Colorado has passed a law limiting non-compete agreements to employees deemed “highly compensated” and now requires that employers provide notice to candidates for employment before they accept a job offer and to current employees at least 14 days before the effective date of any additional consideration for the non-compete provision. The District of Columbia recently passed law creating a similar pay threshold that non-compete must meet and Washington State has had such income requirements in place for over three years.
Several states have also included wage thresholds below which non-compete agreements are not enforceable. These states include Colorado, Illinois, Maine, Maryland, Massachusetts, Nevada, New Hampshire, Oregon, Rhode Island, Virginia, Washington, and Washington D.C. Such thresholds are often tied to a cost of living index such that the threshold will increase each year.

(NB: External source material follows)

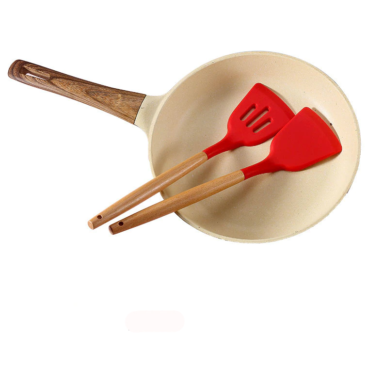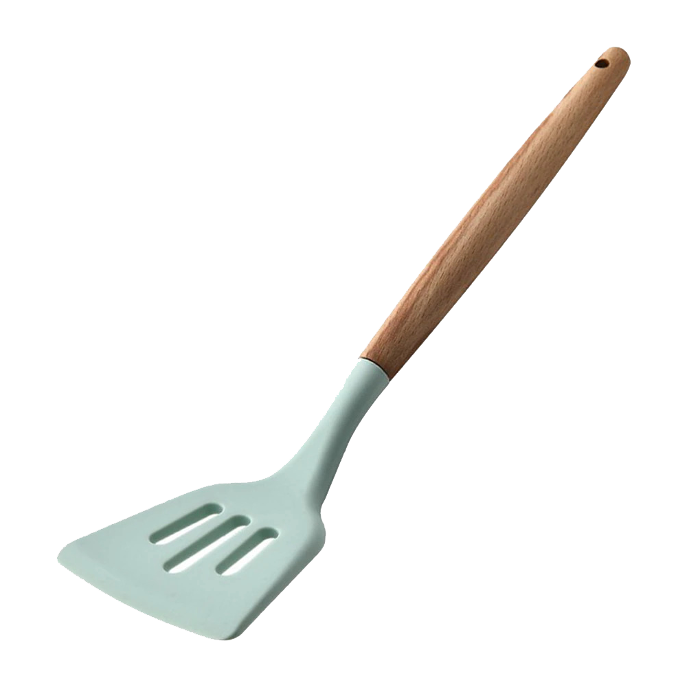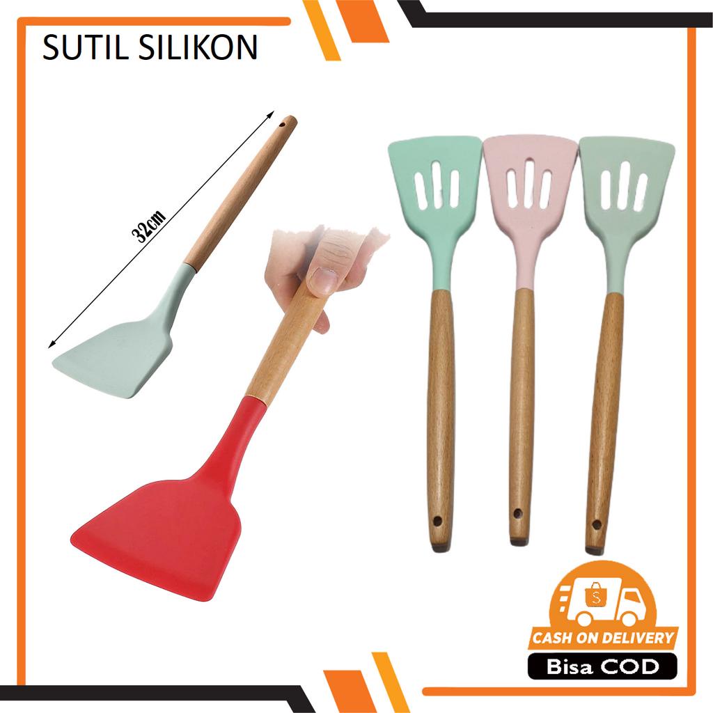 Sutil Silikon Tahan Panas Gagang Kayu Alat Masak Codet Spatula Silicone

Many of the states that have restricted the use of non-compete agreements, but still allow them under certain circumstances, have created penalties for employers who unsuccessfully attempt to enforce non-compete agreements. Washington, for example, has passed a law requiring the employer to pay the employee’s attorney fees if the non-compete agreement is deemed partially or entirely invalid by the court. Other states have even passed laws creating criminal sanctions for employers who try to enforce unenforceable non-compete agreements.

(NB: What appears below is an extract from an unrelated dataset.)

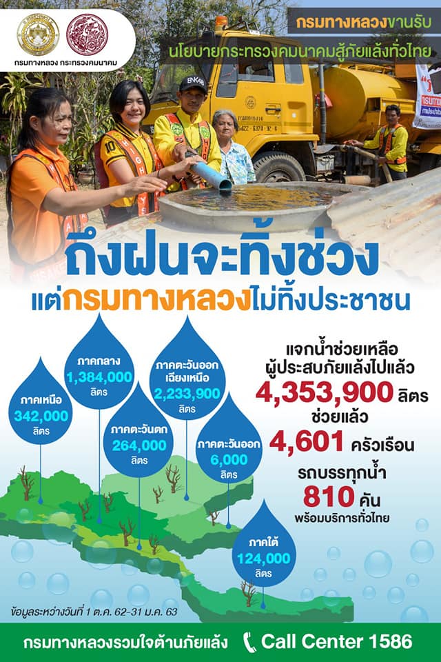 คมนาคมกำชับกรมทางหลวงแจกน้ำบรรเทาทุกข์ภัยแล้งอย่างต่อเนื่องกรมทางหลวงเดินหน้าคลายความเดือดร้อนชาวบ้าน และหน่วยงานต่าง ๆ ช่วงภัยแล้งระดมรถบรรทุกน้ำ 810 คัน แจกน้ำดื่มน้ำใช้กว่า 4 ล้านลิตร 4,601 ครัวเรือนทั่วประเทศ ช่วยดับไฟป่า 225 ครั้ง แนะขาดน้ำโทรสายด่วนกรมทางหลวง 1586 ตลอด 24 ชั่วโมง ออกนโยบายหน่วยงานสังกัดจ้างเกษตรกร ทำงานในโครงการที่มีอยู่ชดเชยรายได้สูญ พร้อมแผนช่วยรายได้ชาวสวนยางสั่งเพิ่มปริมาณใช้น้ำยางดิบปีนี้ 26,564 ตัน

Even in states that have not passed laws restricting non-compete agreements, courts have grown increasingly skeptical of employers’ need for such protections. The general rule in states without non-compete legislation is that non-compete agreements are only enforceable if the employer can show a compelling need for them. Such need usually involves a need to protect sensitive confidential information and trade secrets, or a need to protect customer goodwill in situations where employees develop close relationships with customers. U.S. courts are, on average, becoming more skeptical of employers arguments that they need such protections except in cases where employees have access to truly sensitive information, or could do real damage by going to a competitor and taking substantial business with them.

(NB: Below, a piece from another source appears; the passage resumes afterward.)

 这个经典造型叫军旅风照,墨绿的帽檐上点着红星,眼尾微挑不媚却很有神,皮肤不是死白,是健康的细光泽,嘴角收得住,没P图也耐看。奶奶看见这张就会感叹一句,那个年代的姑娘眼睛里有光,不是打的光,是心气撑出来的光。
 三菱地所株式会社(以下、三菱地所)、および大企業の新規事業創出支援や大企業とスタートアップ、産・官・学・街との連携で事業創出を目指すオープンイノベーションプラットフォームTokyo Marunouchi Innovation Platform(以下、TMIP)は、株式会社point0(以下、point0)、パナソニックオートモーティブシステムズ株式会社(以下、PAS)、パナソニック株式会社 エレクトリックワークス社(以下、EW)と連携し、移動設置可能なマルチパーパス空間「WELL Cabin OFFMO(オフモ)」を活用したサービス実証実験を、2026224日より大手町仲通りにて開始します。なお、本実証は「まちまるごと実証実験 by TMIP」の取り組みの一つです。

While the fate of the FTC’s rule remains uncertain, employers should be prepared to come into compliance by the rule’s effective date (120 days after the rule is published in the federal register, barring any judicial injunction). For example, companies should be prepared to issue the required notices to workers that their non-compete agreements will not be enforced and are unenforceable by the rule’s effective date. Companies should also consider that their workers may not understand the status of their non-compete agreements or the unfolding process by which the enforceability of those agreements is being determined. Workers may believe that their non-compete agreements are already unenforceable, and begin to act accordingly. Companies with existing non-compete agreements should have plans in place for handling such situations, including how they communicate their intent to enforce or not enforce their existing non-compete agreements while the fate of the FTC rule is up in the air.
There are no one size fits all solutions to such tough questions, and companies should consult with counsel experienced with navigating non-compete agreements to come up with a plan that fits the company’s particular needs and goals.